# Entpacken auf dem Server



## cantafunk (15. März 2004)

Kleine Frage,
weiß jemand ob man auch *.zip oder *.rar files auf éinem server entpacken kann,  wenn ja wie es funktioniert. ich frage deshalb, weil mir es oft zu lange dauert wenn ich sehr viele daten hochladen muss!


----------



## deckel (15. März 2004)

Was ist auf dem Server drauf? Linux oder windows das sollte man schon wissen


----------



## cantafunk (15. März 2004)

linux


----------



## Dominik Haubrich (16. März 2004)

Grundvoraussetzung ist, dass auf dem Webserver ein Programm wie "tar" oder "unzip" installiert ist, das ist bei 95% der Linux-Server der Fall. Das Hauptproblem ist aber, dass Du einen Shell-Zugang zum Server brauchst, das heisst Du musst die Möglichkeit haben, dem Server über die Konsole / die Eingabeaufforderung Befehle zu geben. So einen Shell-Zugang gibt es sehr selten bei Shared-Webhosting Paketen. 

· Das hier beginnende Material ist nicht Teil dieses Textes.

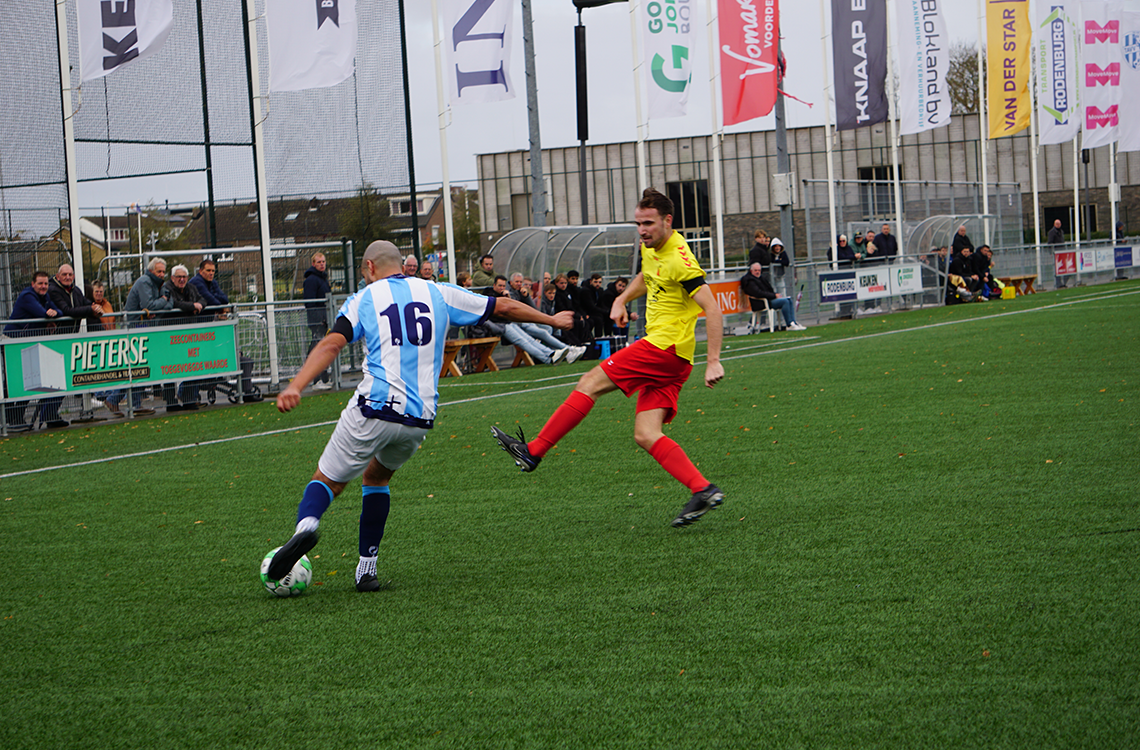 Na een goed half uur spelen was de thuisploeg inmiddels iets sterker geworden en sloeg het ook direct toe. Op links werd een lage strakke voorzet gemakkelijk binnen gelopen door aanvaller Eric van Hout. Nog geen tien minuten later leek de geschiedenis zich te herhalen toen wederom een voorzet vanaf links kon worden binnen geschoten. Dit keer dan wel in tweede instantie omdat doelman Gijs van der Meer zich niet zomaar liet vermurwen. De doelpuntenmaker was dit keer Leon de Lange. Hij zal zichzelf deze middag niet populair hebben gemaakt bij zijn broer Falco die namens Zevenhoven lijdzaam moest toezien dat er met een 2-0 achterstand gerust mocht gaan worden.
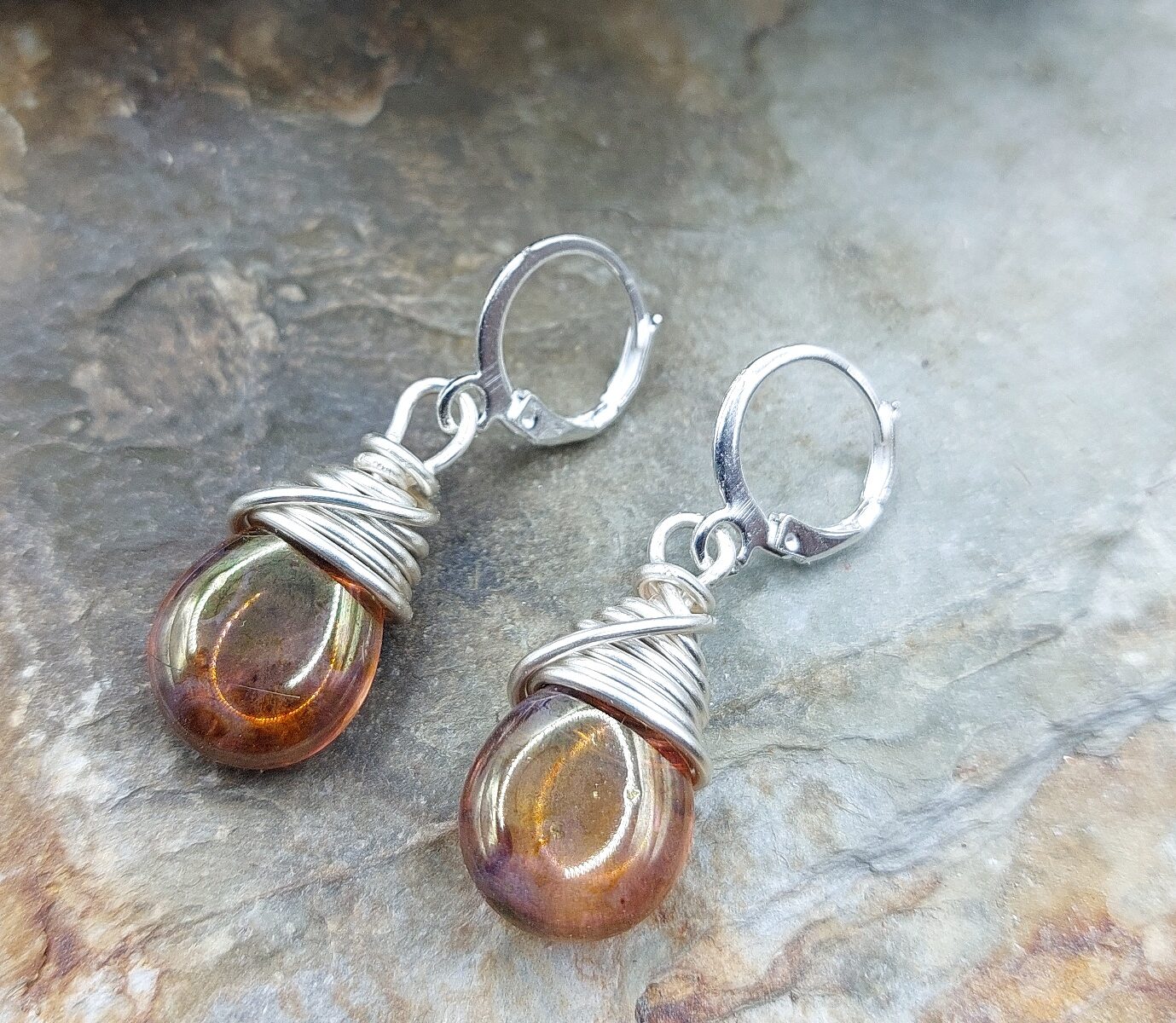 Beautiful elegant drop earrings made with 10mm glass teardrop beads, wire wrapped with 22 gauge non tarnish silver wire. Total length 1.25″
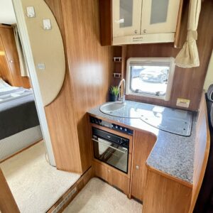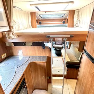 Toimiva L- keittiö kaasu- uunilla ja isolla jääkaappi- pakastimella varustettuna on auton keskivaiheilla. Lisää makuupaikkoja tarjoaa katosta laskeutuva nostovuode.
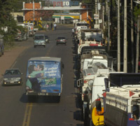 國(guó)際油價(jià)的大幅上漲使得石油嚴(yán)重依賴(lài)進(jìn)口的巴拉圭面臨嚴(yán)重的能源危機(jī),巴拉圭石油公司(Petropar)至今仍拖欠外國(guó)石油公司3.2億美元的費(fèi)用,國(guó)內(nèi)成品油供應(yīng)嚴(yán)重不足。近30%的公交車(chē)和出租車(chē)因?yàn)槿庇蜔o(wú)法工作,正在收割季節(jié)的農(nóng)業(yè)部門(mén)也因?yàn)槿加凸⿷?yīng)不足蒙受巨大損失。圖為7月15日,巴拉圭首都各加油站的運(yùn)油車(chē)在巴拉圭石油公司大門(mén)前排起長(zhǎng)隊(duì),等待加油。 |
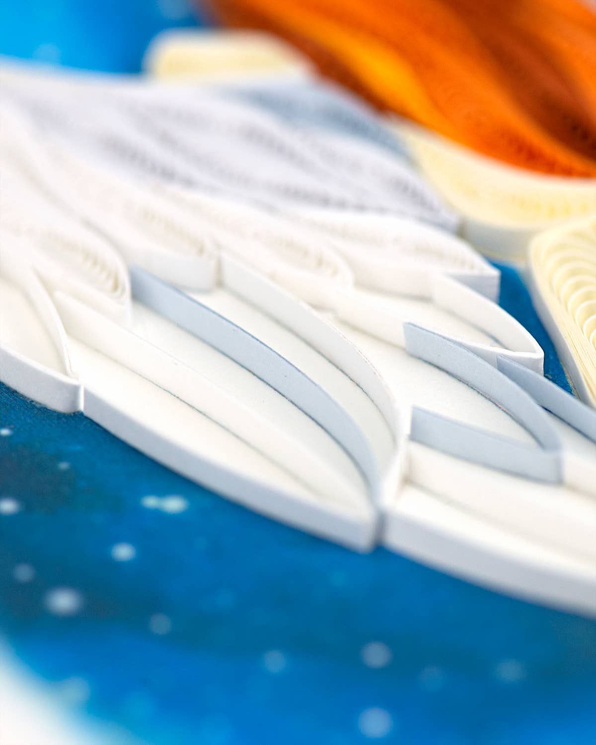 The Quilled Angel Greeting Card is a beautiful design that you can give to a friend or family member for any religious occasion. This design features an auburn-haired angel from behind with magnificent white wings and wearing a beautiful white dress.
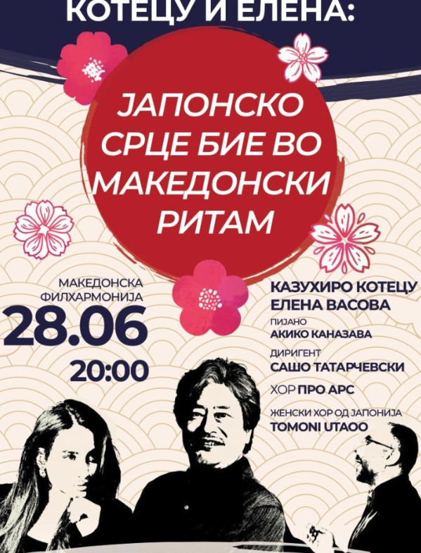 Вечерва во Македонската филхармонија љубителите на класичната музика ќе уживаат во единствен концерт што ги спојува традициите на Далечниот Исток и Балканот. Јапонскиот баритон Казухиро Котецу и македонската сопранистка Елена Васова ќе настапат заедно во програмата со наслов „Јапонско срце бие во македонски ритам“, носејќи силна порака на културно пријателство.
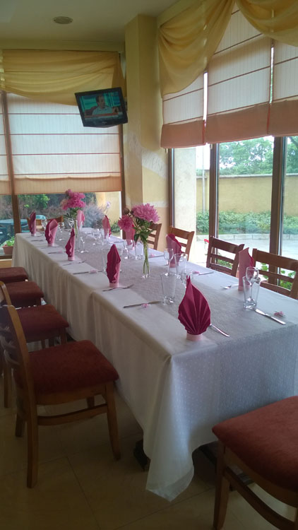 Ресторантът към хотела разполага с 44 места – „ала карт” и предлага вкусни и разнообразни ястия. С приятната си обстановка ресторантът ще Ви предразположи към незабравими моменти, организирайки вашите семейни тържества, кръщенета, юбилеи, фирмени партита и бизнес срещи.
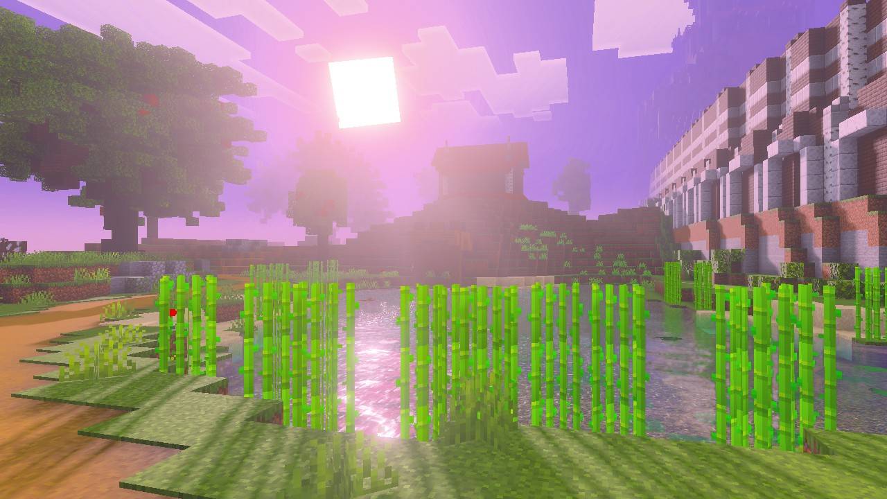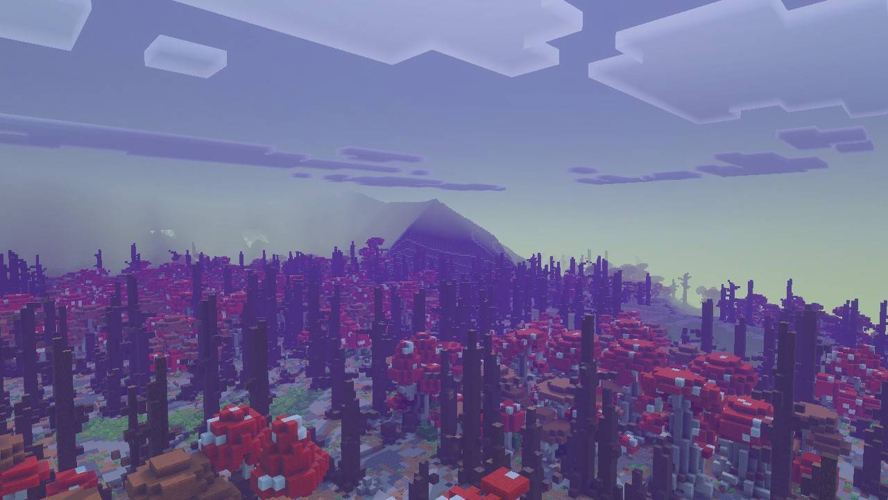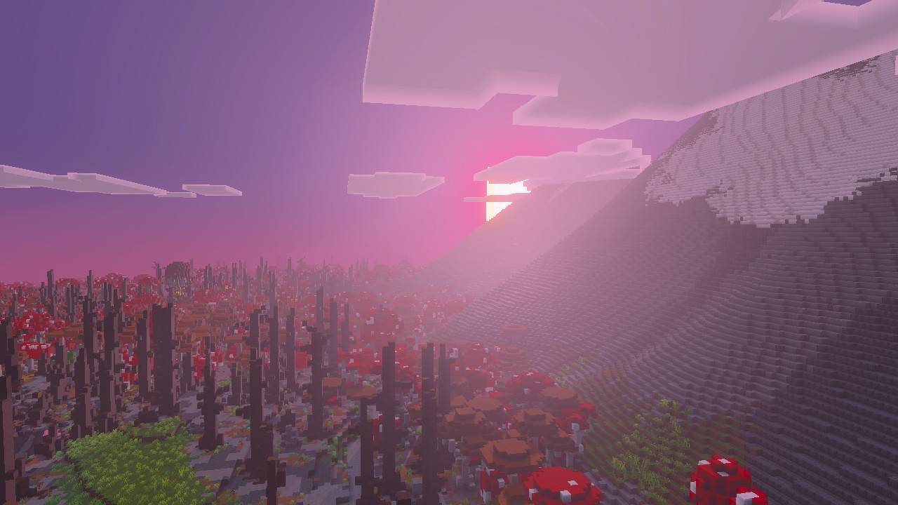 Velora Visuals Shader (1.21) transforms the imagery into a fantasy style with purple and pink tones. High-intensity sunlight and layers of fog add depth to the landscape.
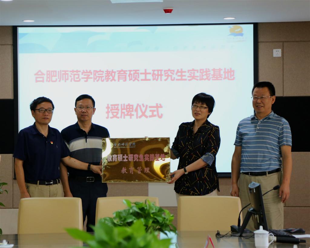 本网讯近日,由党委副书记、院长方东玲,党委委员、副院长曹卓良带队,研究生处及相关研究生培养学院负责同志参加,分别赴肥西上派初级中学、一六八中学、四十六中学和阳光中学等学校调研了解2019级教育硕士研究生实习情况并举行教育硕士研究生实践基地授牌仪式。
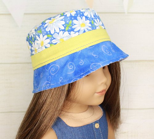 #4905 Reversible Bucket Hat - Daisies & Blue Check
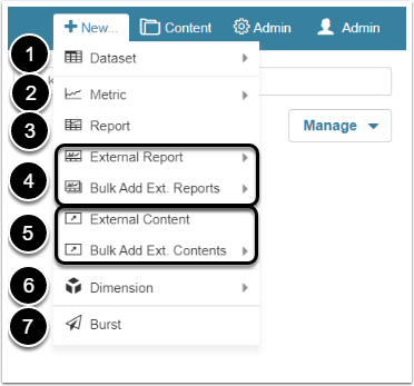 - Elements: Metrics, Multi-Metrics, Reports, External Reports
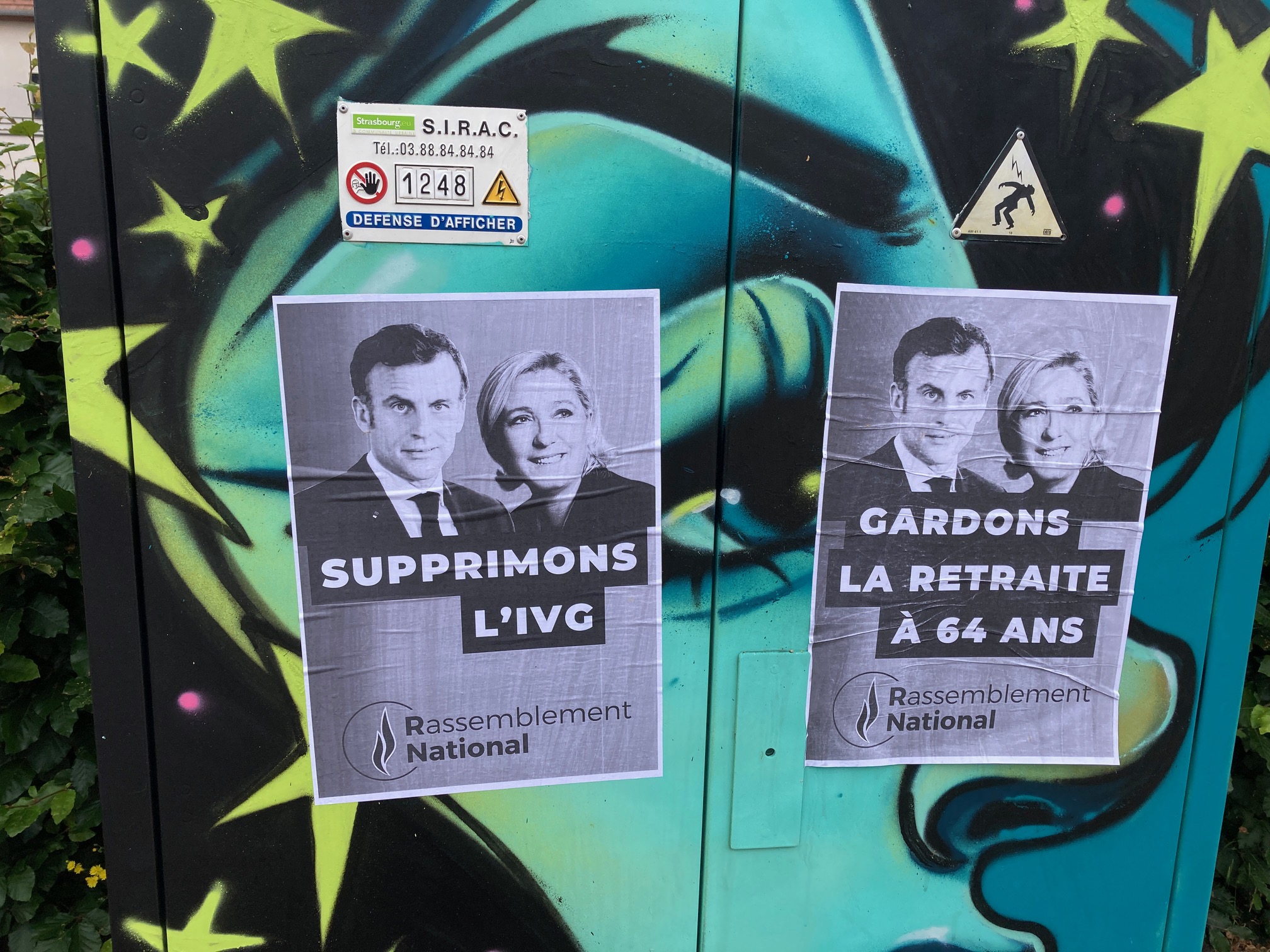 Right-wing political posters in Hoenheim, north of Strasbourg, 2024. Emmanuel Macron is centrist, Marine Le Pen is far right, but both appear on this poster of the far-right Rassemblement National (formerly Front Nationale) campaigning to keep the retirement age at 64 years rather than reducing it to 60 years, as the liberals demanded. Notice the plaque prohibiting posters (defense d’aficher).

Die Notlösung ist, dass Du diese Befehle durch ein speziell angepasstes Skript (z.b. geschrieben in Perl oder PHP) dem Webserver übermittelst, aber da fragst Du besser in unserem PHP- oder Perl/CGI-Forum nach, was Du genau zusammencoden musst 

Wenn der Webspace keine eigenen CGIs unterstützt, hast Du gar keine Chance


----------



## cantafunk (16. März 2004)

naja, das hat sich dann wohl erledigt, denn ne shell hab ich leider keine. und extra nen script programmieren oder danach suchen muss auch nicht sein. 
dann lad ich einfach all meine sachen so hoch.
trotzdem danke für deine mühe.

gruss
canta


----------